== Segment start ==

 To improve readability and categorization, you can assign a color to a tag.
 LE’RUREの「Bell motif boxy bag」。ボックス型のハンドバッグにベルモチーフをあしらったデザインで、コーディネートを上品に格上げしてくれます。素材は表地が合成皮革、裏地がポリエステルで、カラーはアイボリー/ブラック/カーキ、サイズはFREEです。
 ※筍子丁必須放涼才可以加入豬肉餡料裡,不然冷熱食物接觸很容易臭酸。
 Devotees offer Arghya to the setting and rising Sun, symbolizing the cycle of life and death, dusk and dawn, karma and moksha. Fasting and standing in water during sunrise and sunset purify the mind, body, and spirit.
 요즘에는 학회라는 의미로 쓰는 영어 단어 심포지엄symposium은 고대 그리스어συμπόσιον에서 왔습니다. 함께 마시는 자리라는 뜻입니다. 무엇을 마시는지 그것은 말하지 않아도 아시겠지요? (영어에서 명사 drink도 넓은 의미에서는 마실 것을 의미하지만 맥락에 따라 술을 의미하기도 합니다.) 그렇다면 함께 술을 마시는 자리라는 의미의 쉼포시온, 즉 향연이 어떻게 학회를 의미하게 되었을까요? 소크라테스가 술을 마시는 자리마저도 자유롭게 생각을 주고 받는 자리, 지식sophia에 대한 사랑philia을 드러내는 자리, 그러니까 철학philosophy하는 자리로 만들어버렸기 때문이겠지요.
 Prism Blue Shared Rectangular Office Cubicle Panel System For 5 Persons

== Segment end ==
== Segment start ==

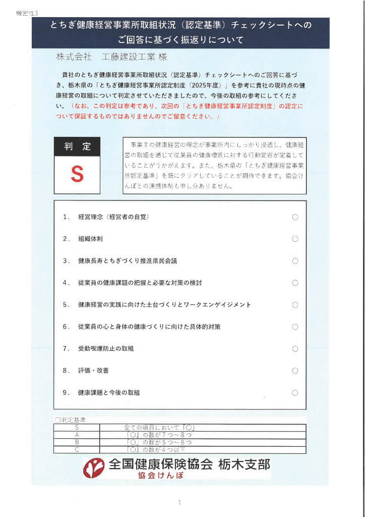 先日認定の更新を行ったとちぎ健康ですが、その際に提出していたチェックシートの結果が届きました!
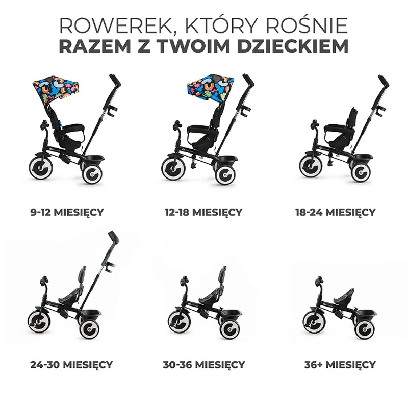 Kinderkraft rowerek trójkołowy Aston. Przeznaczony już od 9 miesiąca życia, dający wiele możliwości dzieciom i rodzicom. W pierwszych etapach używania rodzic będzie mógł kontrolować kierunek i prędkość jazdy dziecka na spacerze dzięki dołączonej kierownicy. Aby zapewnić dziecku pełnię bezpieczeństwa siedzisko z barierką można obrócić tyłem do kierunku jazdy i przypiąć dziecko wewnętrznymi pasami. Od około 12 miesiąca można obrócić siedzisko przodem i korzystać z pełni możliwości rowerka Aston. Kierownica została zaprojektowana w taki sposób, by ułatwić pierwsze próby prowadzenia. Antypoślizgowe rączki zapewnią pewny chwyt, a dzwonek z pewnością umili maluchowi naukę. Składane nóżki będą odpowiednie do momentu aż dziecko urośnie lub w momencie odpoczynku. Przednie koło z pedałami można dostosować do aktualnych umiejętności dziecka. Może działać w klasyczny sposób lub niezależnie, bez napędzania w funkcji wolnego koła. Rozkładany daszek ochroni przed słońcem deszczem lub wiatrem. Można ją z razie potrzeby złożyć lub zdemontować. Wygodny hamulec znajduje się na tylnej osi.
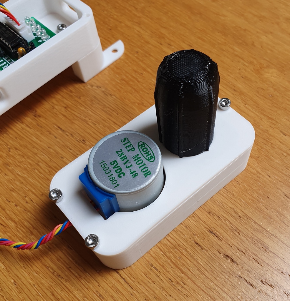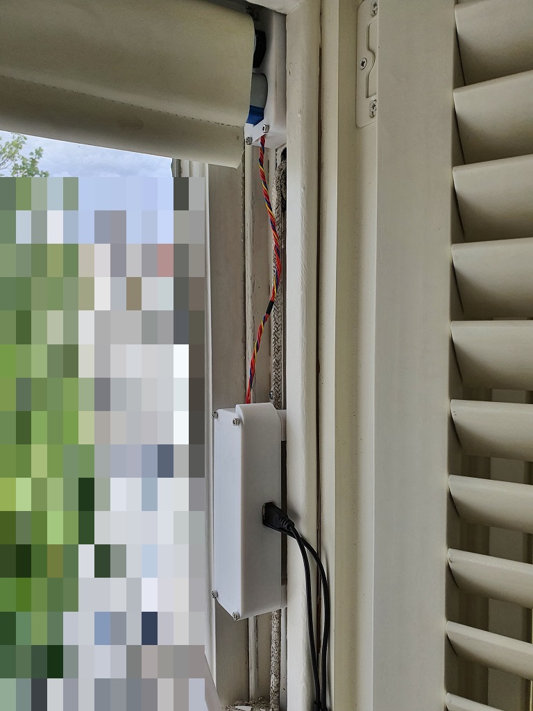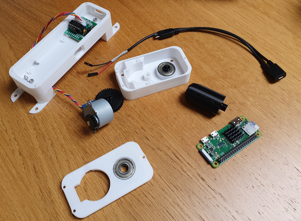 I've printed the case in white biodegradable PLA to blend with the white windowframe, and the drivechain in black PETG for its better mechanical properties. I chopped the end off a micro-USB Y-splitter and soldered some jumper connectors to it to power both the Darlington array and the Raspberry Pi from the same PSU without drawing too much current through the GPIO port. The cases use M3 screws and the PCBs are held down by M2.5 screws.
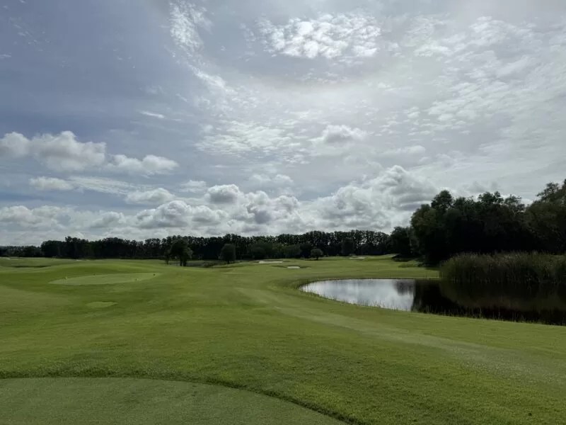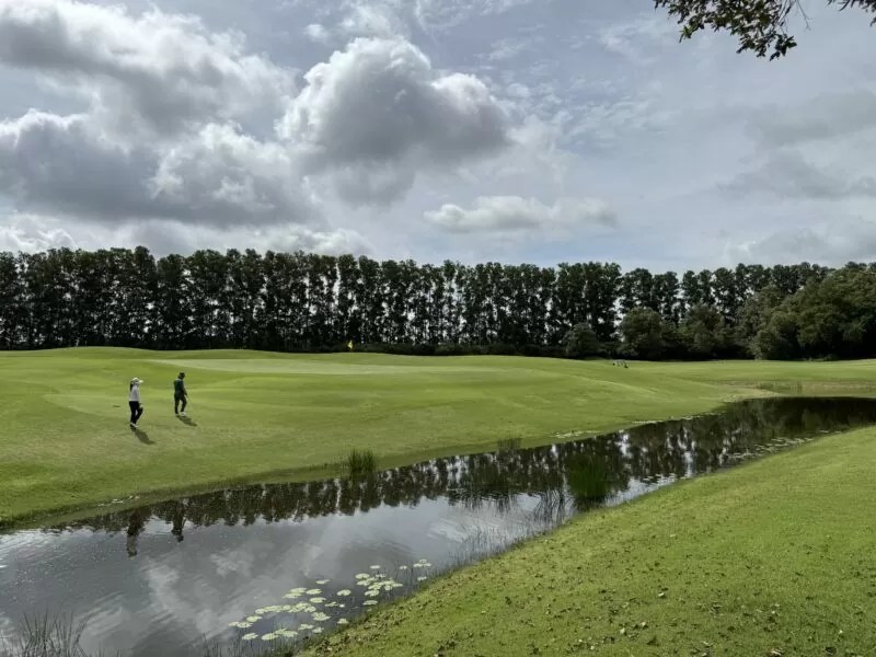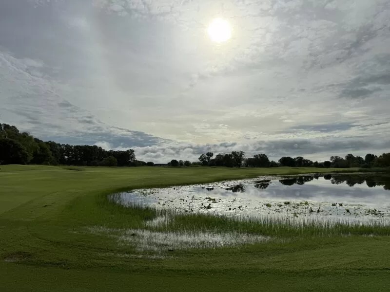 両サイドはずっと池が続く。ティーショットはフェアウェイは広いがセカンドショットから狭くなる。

== Segment end ==
== Segment start ==

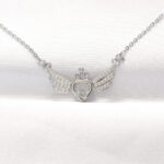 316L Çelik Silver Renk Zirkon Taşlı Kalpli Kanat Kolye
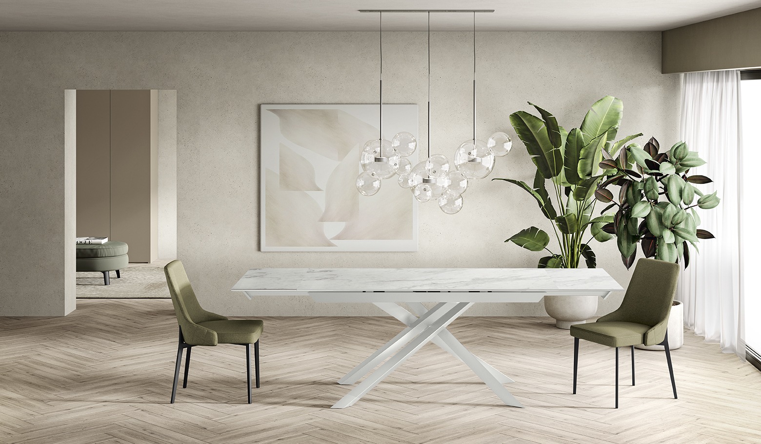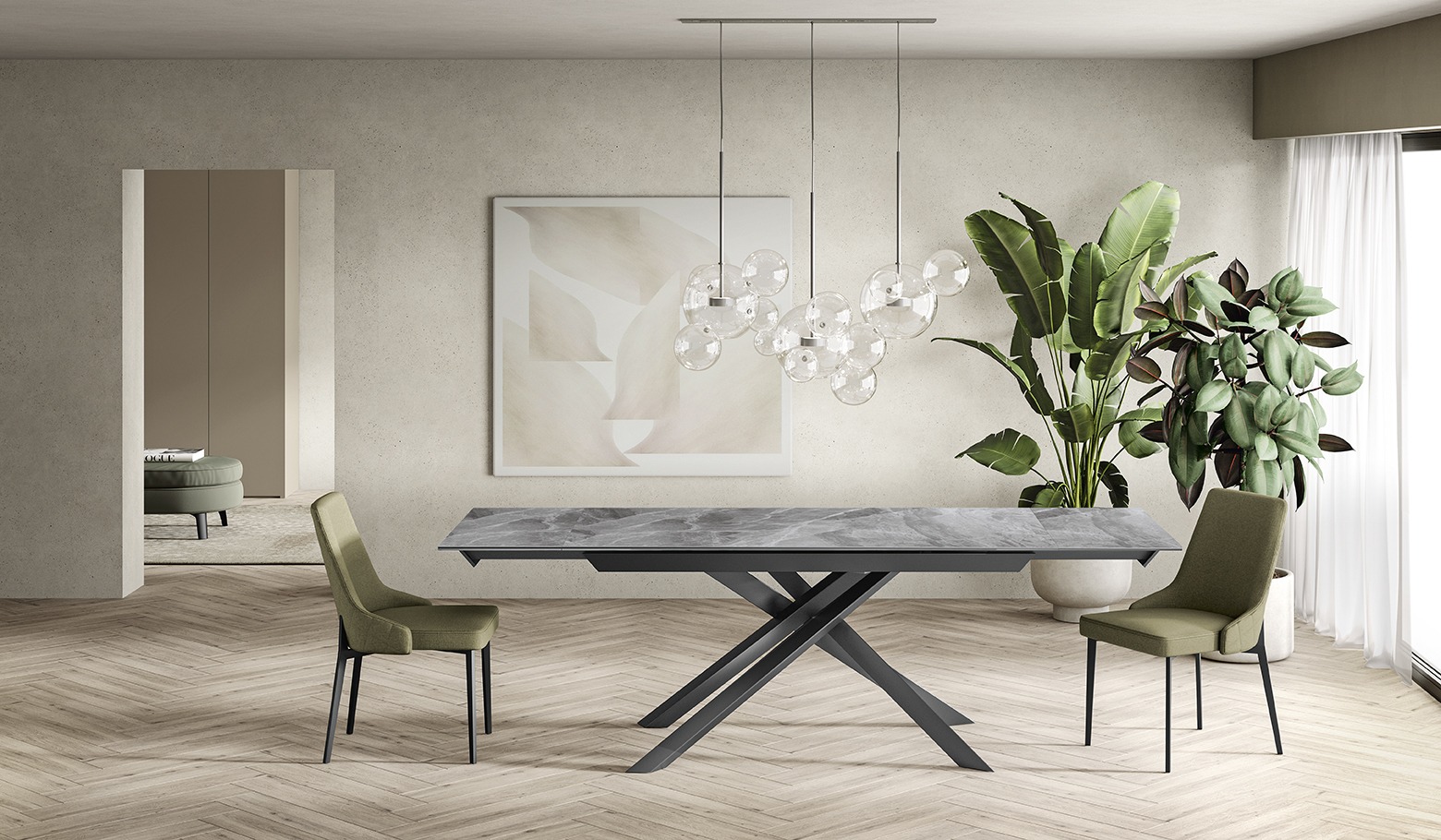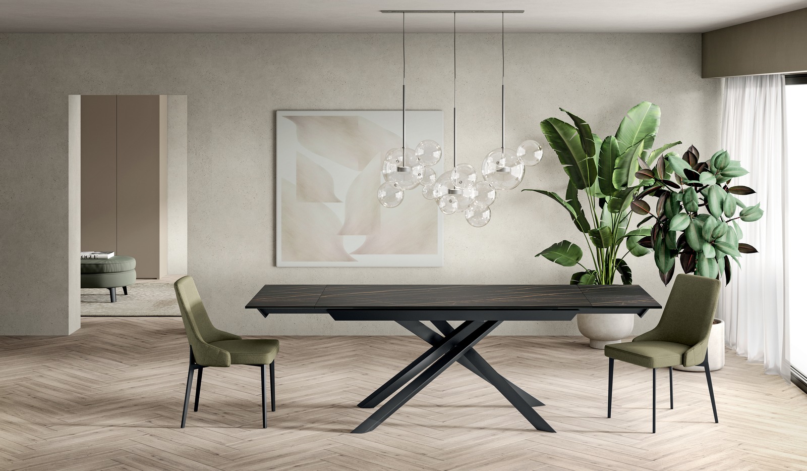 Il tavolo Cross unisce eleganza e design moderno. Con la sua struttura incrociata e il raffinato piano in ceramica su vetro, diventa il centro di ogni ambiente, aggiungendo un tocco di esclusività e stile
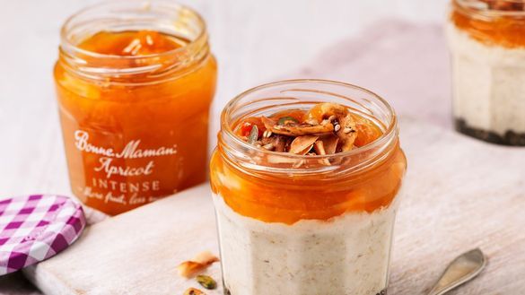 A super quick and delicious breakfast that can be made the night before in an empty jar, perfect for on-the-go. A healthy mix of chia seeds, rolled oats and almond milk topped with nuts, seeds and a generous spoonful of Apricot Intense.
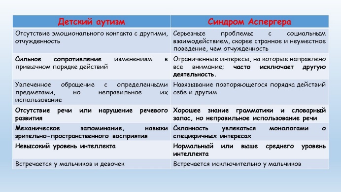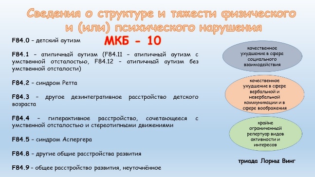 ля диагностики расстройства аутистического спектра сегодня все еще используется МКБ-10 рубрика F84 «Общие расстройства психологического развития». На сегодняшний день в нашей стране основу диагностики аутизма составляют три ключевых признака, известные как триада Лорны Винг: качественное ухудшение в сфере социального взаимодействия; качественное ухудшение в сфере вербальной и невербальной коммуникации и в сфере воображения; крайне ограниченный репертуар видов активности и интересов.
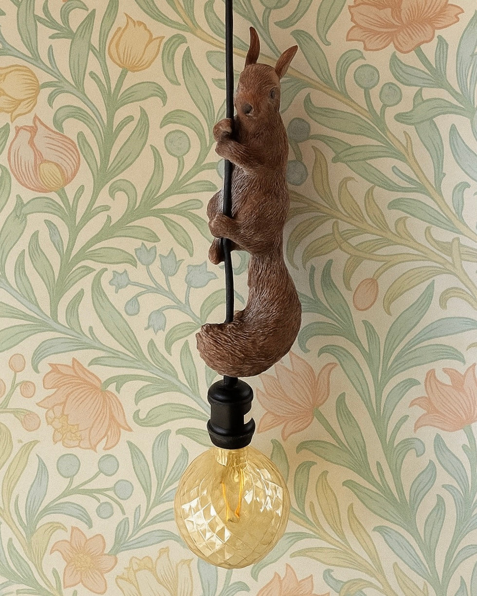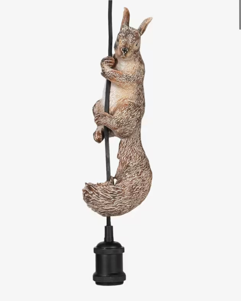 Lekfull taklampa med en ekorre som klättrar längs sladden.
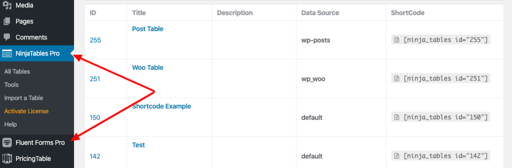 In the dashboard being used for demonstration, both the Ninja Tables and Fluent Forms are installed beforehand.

== Segment end ==

● Description of the task
Would you copy the lines above exactly, starting with the one that has "Il tavolo Cross" and ending with the one that has "In the dashboard", both included, without the pictures?

● Solution to this task
 Il tavolo Cross unisce eleganza e design moderno. Con la sua struttura incrociata e il raffinato piano in ceramica su vetro, diventa il centro di ogni ambiente, aggiungendo un tocco di esclusività e stile
 A super quick and delicious breakfast that can be made the night before in an empty jar, perfect for on-the-go. A healthy mix of chia seeds, rolled oats and almond milk topped with nuts, seeds and a generous spoonful of Apricot Intense.
 ля диагностики расстройства аутистического спектра сегодня все еще используется МКБ-10 рубрика F84 «Общие расстройства психологического развития». На сегодняшний день в нашей стране основу диагностики аутизма составляют три ключевых признака, известные как триада Лорны Винг: качественное ухудшение в сфере социального взаимодействия; качественное ухудшение в сфере вербальной и невербальной коммуникации и в сфере воображения; крайне ограниченный репертуар видов активности и интересов.
 Lekfull taklampa med en ekorre som klättrar längs sladden.
 In the dashboard being used for demonstration, both the Ninja Tables and Fluent Forms are installed beforehand.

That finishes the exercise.